Em Bruxelas, a reação foi rápida: representantes europeus avisaram que poderiam condicionar ou até mesmo cortar financiamentos destinados à Biennale caso a participação russa se confirme. A ameaça de corte de fundos coloca a instituição veneziana diante de um dilema que é tanto administrativo quanto simbólico — lidar com pressões políticas externas sem perder a independência que legitima seu papel no cenário internacional.
Além disso, a carta aponta suspeitas sobre a natureza política de um projeto associado ao pavilhão e seus possíveis vínculos com figuras ligadas à elite política russa, o que reforça temores de que a mostra sirva como ferramenta de diplomacia cultural estatal.
Há, portanto, uma tensão entre o princípio universal da liberdade artística e o contexto geopolítico que contamina essa mesma liberdade.
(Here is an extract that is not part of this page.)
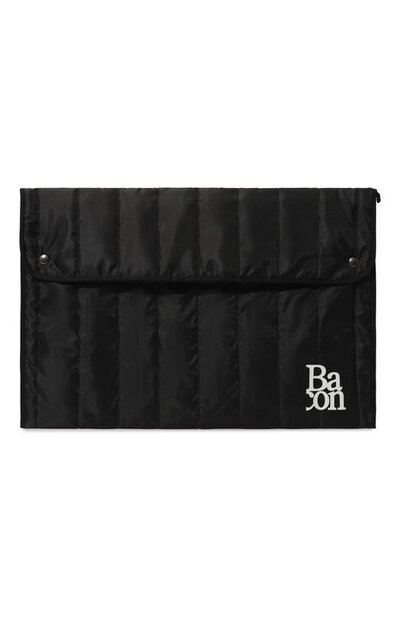 Этот клатч можно не только носить сам по себе, но и превратить в дополнительное отделение сумки-шопера. Аксессуар с застежкой на кнопки вместит в себя бумаги А4 или ноутбук с экраном 15,6 дюйма, а водонепроницаемый стеганый текстиль защитит содержимое от повреждений. Единственным декором лаконичной модели стал контрастный логотип на передней панели.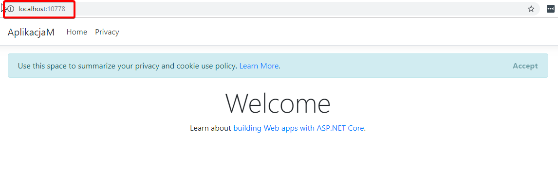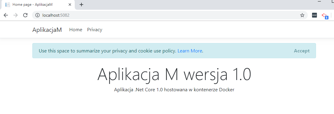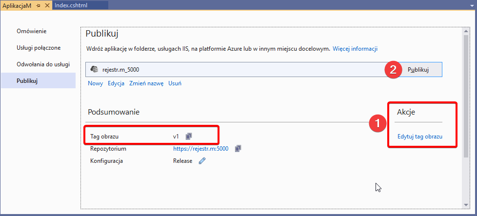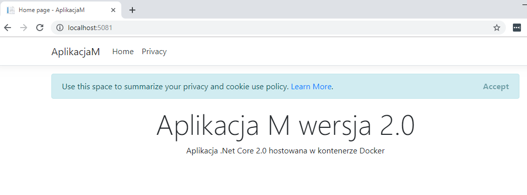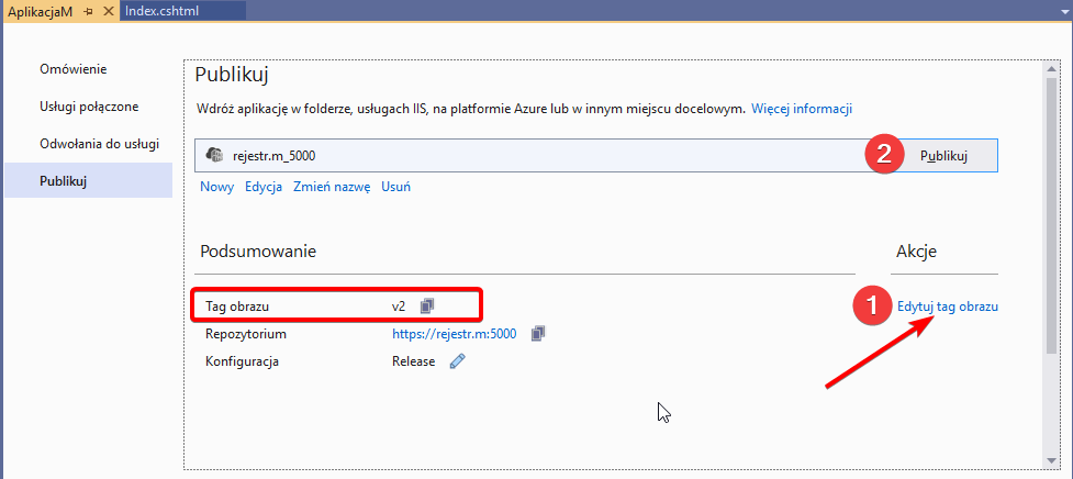 17. Zmodyfikuję w aplikacji plik Index.cshtml i zmienię nagłówek na “Aplikacja M wersja 2.0“. Następnie ponownie opublikuję aplikację w Docker, ale zmienię tag obrazu na v2.

Como observadora cultural, não posso deixar de ver nesta disputa o roteiro oculto da sociedade: as instituições culturais atuam como espelhos, e diante desse espelho somos forçados a perguntar não só o que a arte deve ou pode mostrar, mas quem tem o direito de representá-la em tempos de guerra.
O desfecho desse embate depende agora das decisões da direção da Biennale e do Conselho — e também da reação das capitais europeias e das instituições que financiam o festival. É um momento em que a arte, mais do que um espetáculo, revela-se um campo de batalha simbólico onde se disputa memória, legitimidade e, em última instância, o futuro da convivência democrática.